United Airlines Begins Koror-Tokyo Flights; 2 Routes Return To Israel

On October 29, United inaugurated service from Koror (Palau) to Tokyo Narita. Palau is well-known for inbound tourism, particularly, of course, related to water. It is not a huge market—around 13,000 passengers in the past year without nonstop flights—but it is pretty high-yielding.

UA NRT-ROR Credit: United

The new route covers 1,728 nautical miles (3,200 km) each way. The Star Alliance member serves it twice-weekly on the 737-800. Japan Airlines operated until early 2020, while Delta did so until 2018.

UA ROR-NRT Credit: United

Elsewhere, on November 1, United resumed service from Chicago O’Hare to Tel Aviv (four weekly 787-8), followed by Washington Dulles to Tel Aviv the next day (three weekly 787-8). For obvious reasons, both routes were suspended in 2023.

United has 28% of all US-Tel Aviv flights in November, which is down three points compared to November 2022. Its network has yet to fully recover, as San Francisco-Tel Aviv has not returned. Its share will reduce further next year with the return of American from New York JFK and Delta from Atlanta and Boston.

American, JetBlue & Southwest start 8 routes in 4 days

On October 30, JetBlue took off from Orlando to Las Vegas, running twice daily on Mint-equipped machines. It is the first time the carrier has served that market.
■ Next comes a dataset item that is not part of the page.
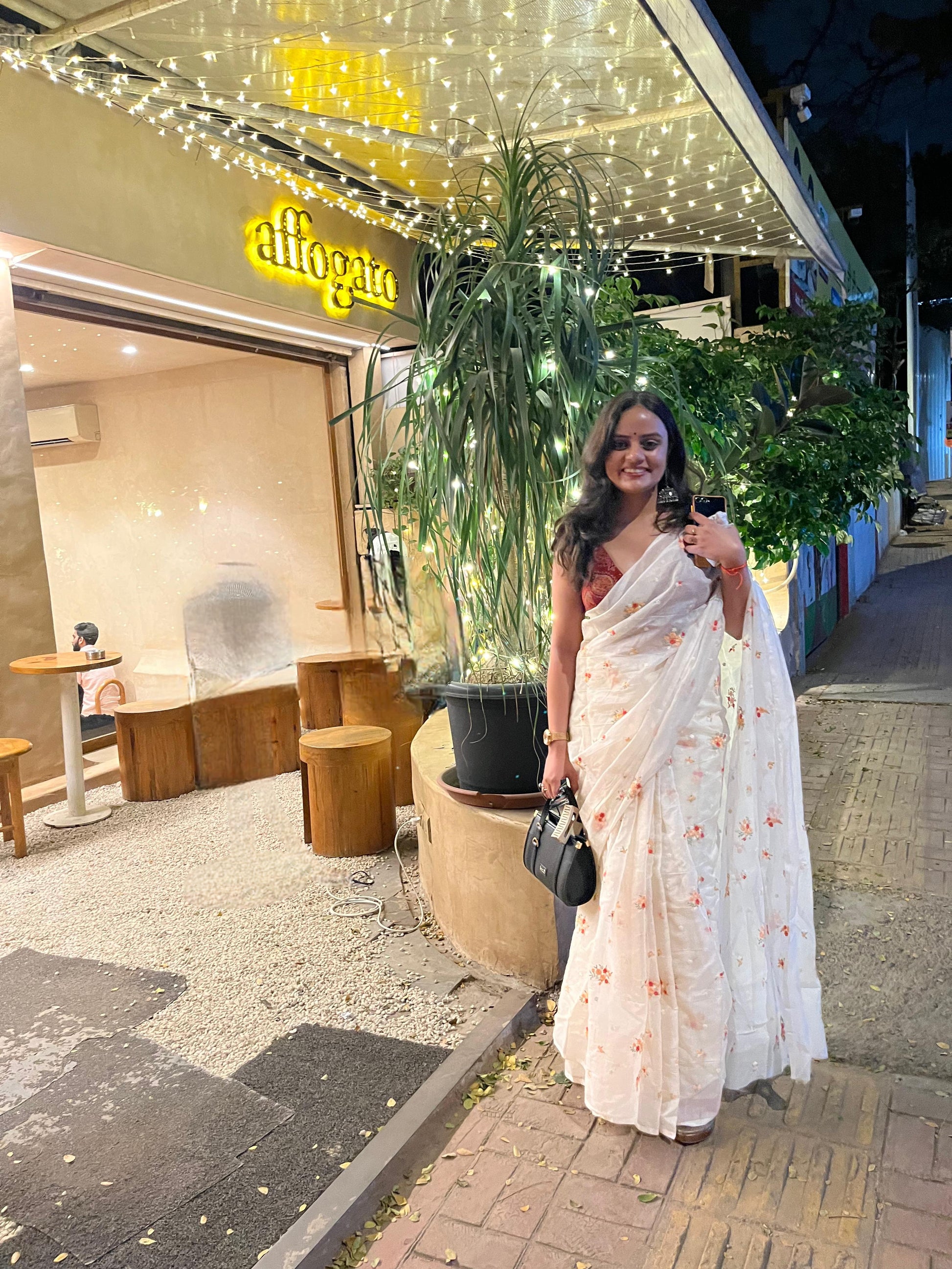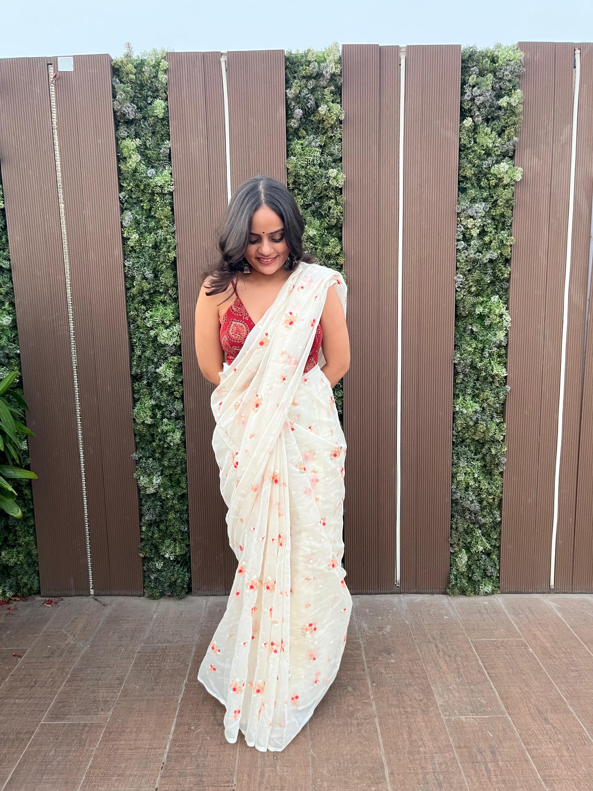 Crafted in airy Mul Chanderi, this pristine white saree is delicately embroidered all over with soft red and pastel florals - subtle enough for long office hours, yet graceful enough for daytime gatherings.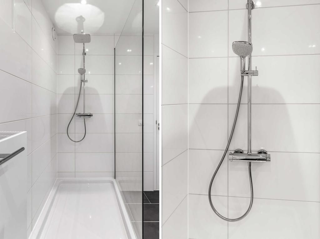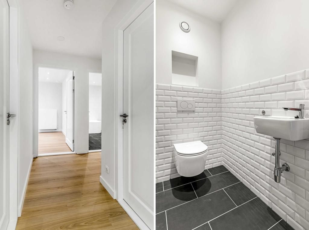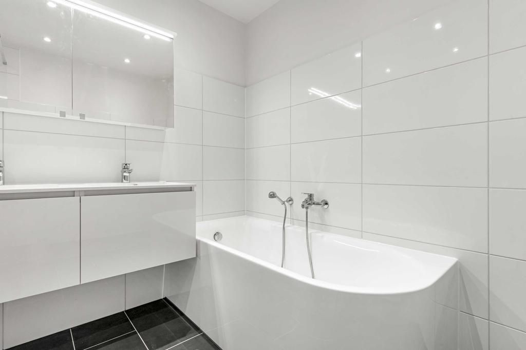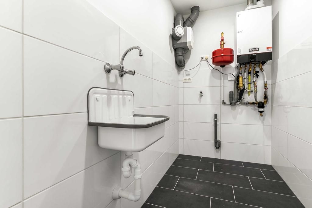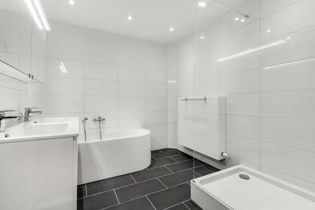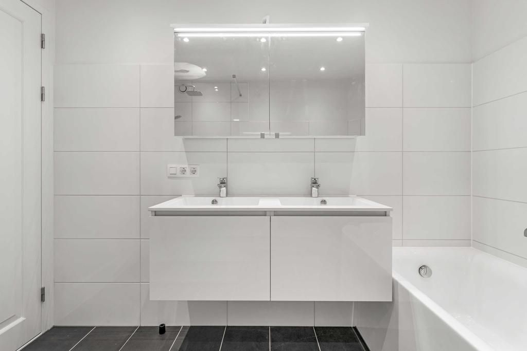 Vanuit het portaal is er toegang tot de inpandige berging, de toiletruimte, 2 slaapkamers en de badkamer. De toiletruimte is voorzien van een zwevend closet en fonteintje. De slaapkamers zijn ca. 7,5m² en 12m² groot. De badkamer is ingericht met een ligbad, douchecabine met glazen wanden, een dubbele wastafel met meubel en inbouwspots.

It replaces Spirit, which pulled off that route on November 1.

B6 MCO-LAS Credit: Flightradar24

Two days later, JetBlue relaunched three routes from Fort Lauderdale: Atlanta (19 weekly to three daily; last served in June 2024), New Orleans (12 weekly to twice daily; flown until June 2024), and Pittsburgh (daily; flown until 2021). Southwest ended Fort Lauderdale-Atlanta service in April.

On November 2, Southwest launched Chicago O’Hare-Tampa flights (daily; last served in June 2024). It means the market has five carriers again, with up to 14 daily flights. It complements Southwest’s Tampa offering from Midway.
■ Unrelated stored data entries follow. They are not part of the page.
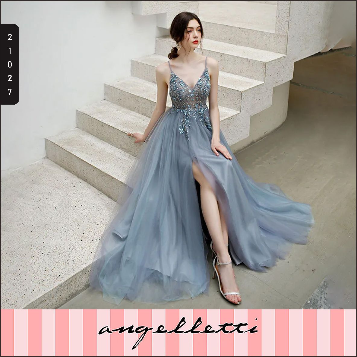 ANGELLETTI Luxury Formal Sequins Dress M Blue Grey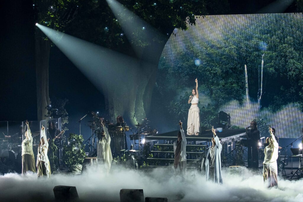 冷たい雨に打たれて苦悩するシーンから、穏やかな水と緑の森へ、倉木麻衣自身が演じるオープニング映像から一気に引き込まれる。ステージ中央の階段上でスポットを浴び、安座してアカペラで歌い上げる1曲目「Voice of Safest Place」から「Love one another」へ、オフホワイトの衣装の彼女の周りを、森の精のようなスタイルで登場したダンサーたちが華麗に舞い踊る。さらに、自らハンドパンと呼ばれる打楽器を操って異国情緒溢れるサウンドを聴かせると、「きみへのうた」では客席いっぱいに緑に広がるペンライトの光に手を振って応え、「Forever for you」ではハンモックに腰かけて伸びやかな歌声を響かせる。「風のららら」はボサノバにリアレンジされたサウンドがとても心地よく、「Sea wind」は青い海と白いビーチの映像をバックにパラソルを持ってゆったりと歌唱。1曲ごとにミュージックビデオを見ているようで、ドラマチックな展開に序盤から目が離せない。
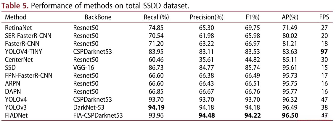 c)用 整个SSDD数据集 检测结果。表5显示了方法在整个SSDD数据集上的性能。从表5可以看出,FIAD Net在Precision、F1、AP三项得分最高,在Recall三项得分第二高。这意味着 FIAD Net 的综合性能可以与最先进的技术相媲美 。

That same day, American recommenced two links: Chicago O’Hare-San Jose (Costa Rica; daily; last flown in August 2022) and New York LaGuardia-Fort Lauderdale (two to three daily; served until 2008). American Eagle restarted Miami-Sarasota (daily on Envoy Air’s E175s; last flown in January 2009).

AA SRQ-MIA Credit: Sarasota–Bradenton International Airport

Adelaide Gets 2 More Trans-Tasman Routes

Air New Zealand has started the first-ever nonstop service from Christchurch to Adelaide. The A320 operation runs twice a week. Covering 1,653 nautical miles (3,061 km) each way, it is South Australia’s shortest-ever international link. Until now, Auckland was first.

ANZ CHC-ADL Credit: Adelaide Airport

On 31 October, Qantas resumed flying from Adelaide to Auckland, having last done so between 2004 and 2007. It runs daily on the 737-800 and competes against Air New Zealand.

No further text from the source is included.